Я даже — не существую. Я просто-напросто — прозябаю. Я превратился в
амёбу, в
туфельку одноклеточную, плавающую в похмельно-рвотном бульоне бытия.
Страшное осознание!
Помню, когда оно мерцнуло во
мне, в моём опухшем
сознании, как раз в грязное окно моё пробился мощный луч апрельского
солнца.
Он, этот луч, пробил неуют моей запущенной пыльной комнаты, достал меня
в нише,
в моём спальном углу, заставил зажмуриться сильнее, сморщиться и
очнуться от тяжкого
тёмного похмельного сна. Я вдруг по-детски расплылся в улыбке,
потянулся — до
хруста, до стона в суставах, — мотнул головой, словно стряхивая пыль с
мозгов,
и неожиданно сказал сам себе: хватит! i>Так жить
нельзя!
Да, именно с этого мощного
апрельского солнечного
луча и началась в моём уставшем организме остановительная реакция,
начался
процесс пробуждения, началось протрезвление. Луч тут же
растворился-исчез, но
мгновение уже было. Я протёр энергично кулаком сначала один, потом
другой глаз,
нашарил на полу, рядом с матрасом, очки с треснувшим правым стёклышком,
нацепил
на нос, осмотрелся. Вид моего жилища меня ужаснул. Я словно впервые
увидел всё
это.
Комната была почти абсолютно
пуста. В нише, прямо
на полу, лежал надувной резиновый матрас, на котором я и спал-плавал в
пьяном
бреду, обычно не раздеваясь. На одной стене, справа от окна, висело
зеркало в
пыльной бахроме и паутине трещин: бутылкой как-то запустил в него,
запамятовав
присловье, что на зеркало-то неча пенять, коли рожа пьяна. На
противоположной
стене, в том месте, где когда-то стоял шифоньер, были всобачены в
кирпичи
несколько дюбелей, на них висели две рубашки, штаны запасные, штопаный
пиджак
повседневный и вполне ещё приличный, из последних сил сохраняемый мною
парадно-выходной костюм, прикрытый газетой. Я всегда помнил: если
пропью и
костюм этот, то совершу последний шажок от гомо сапиенса, гомо
нормалиса к гомо
скотинису, попросту говоря, — к свинтусу.

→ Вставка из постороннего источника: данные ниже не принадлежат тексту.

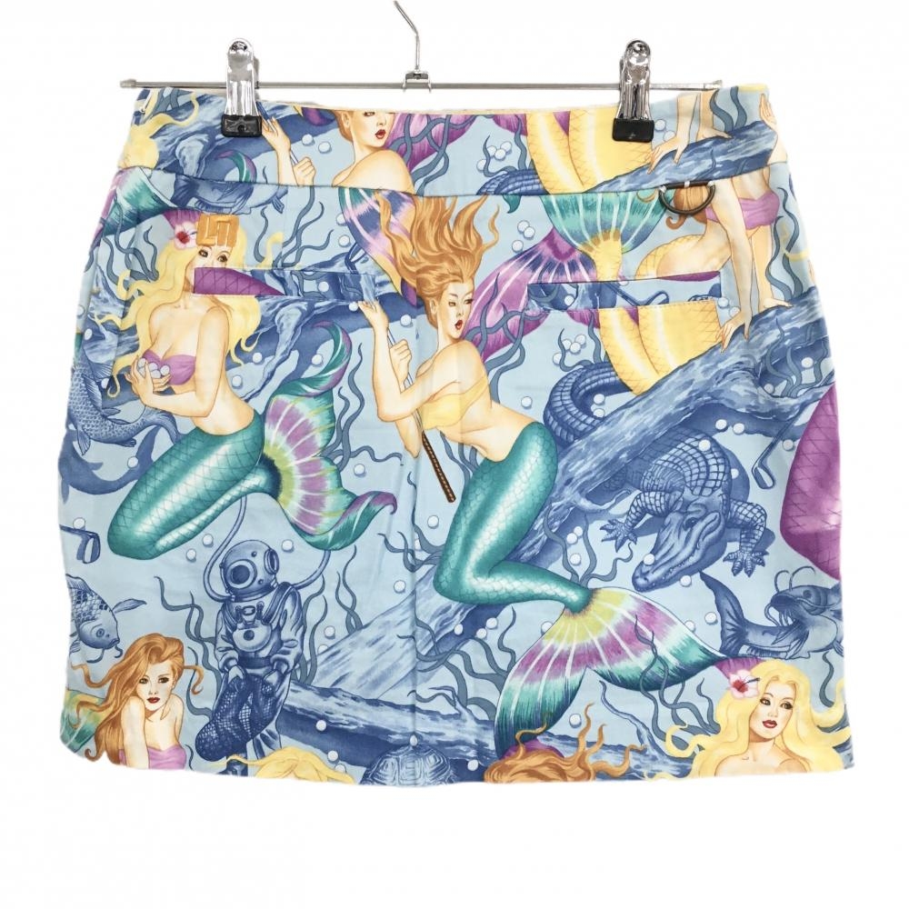 【美品】ラウドマウス スカート ライトブルー×マルチカラー 総柄 内側インナーパンツ レディース US-4 ゴルフウェア LOUDMOUTH

Ещё в углу у окна возвышались
на газетке две стопки
книг, томов пятьдесят — всё, что осталось от приличной некогда домашней
библиотеки. На книгах лежали четыре фотоальбома — фотолетопись моей
жизни, а на
них стоял бронзовый бюстик Сергея Есенина, который каким-то чудом ещё
сохранялся, не желал продаваться. Рядом с книгами стояла самая
драгоценно-бесценная вещь в квартире — пишущая машинка «Унис» в чёрном
кожаном
футляре. Я знал: даже когда я буду умирать от голода и жажды, эта
машинка
портативная — знак, символ, талисман моей литературной жизни —
останется в
неприкосновенности.
В другом углу прямо на полу
стоял старый ящик чёрно-белого
«Рекорда», который, несмотря на патриарший возраст, ещё чего-то
показывал и
бормотал. Да всё такую муть, муру и лажу, что по трезвянке и включать
его не
хочется. На полу же стояло ещё одно воспоминание о былой роскоши —
перебинтованный
синей изолентой телефон. На стене висел такой же раздолбанный
радиодинамик. Ну
и, наконец, несомненную и уникальную ценность имели две картины на
стенах кисти
талантливого барановского художника Дмитрия Шилова. Одна — мой портрет
во весь
рост: я сижу на стуле, нога на ногу, увечная рука перекинута за спинку,
не
видна, в правой — раскрытая книга, по коротким строчкам понятно, что
это стихи.
Другая картина — пейзаж: синие горы, полоска голубая Байкала и
прозрачное
сибирское небо.
Вот и — всё. В комнате моей
более ничего, кроме
пыли-грязи по углам да двух-трёх пустых бутылок, в то апрельское
солнечное утро
я не обнаружил.
В прихожей у меня висели, во
встроенном, моими
руками сделанном шкафу, замызганный плащишко и пальтецо на рыбьем меху,
носимое
весной, зимой и осенью, стояли туфли да стоптанные до полнейшего
неприличия зимние
сапоги. На кухне скучала электроплита «Лысьва», которая служила мне и
печью, и
обеденным столом, на ней — помятый чайник. Имелись ещё из имущества
колченогая
табуретка с железными ножками, пожелтевшая раковина-мойка, в ней — пара
грязных
тарелок, кастрюлька, сковорода, ложки-вилки. Всё это время от времени
ополаскивалось. Стаканы же гранёные в количестве двух штук я никогда
особо и не
мыл: чего же из-под водки мыть-полоскать — она сама дезинфицирует.
Разве что
из-под портвейна или из-под одеколона когда сполоснёшь посудину с
утрешка, дабы
не так отвратно похмельную порцию заглатывать было.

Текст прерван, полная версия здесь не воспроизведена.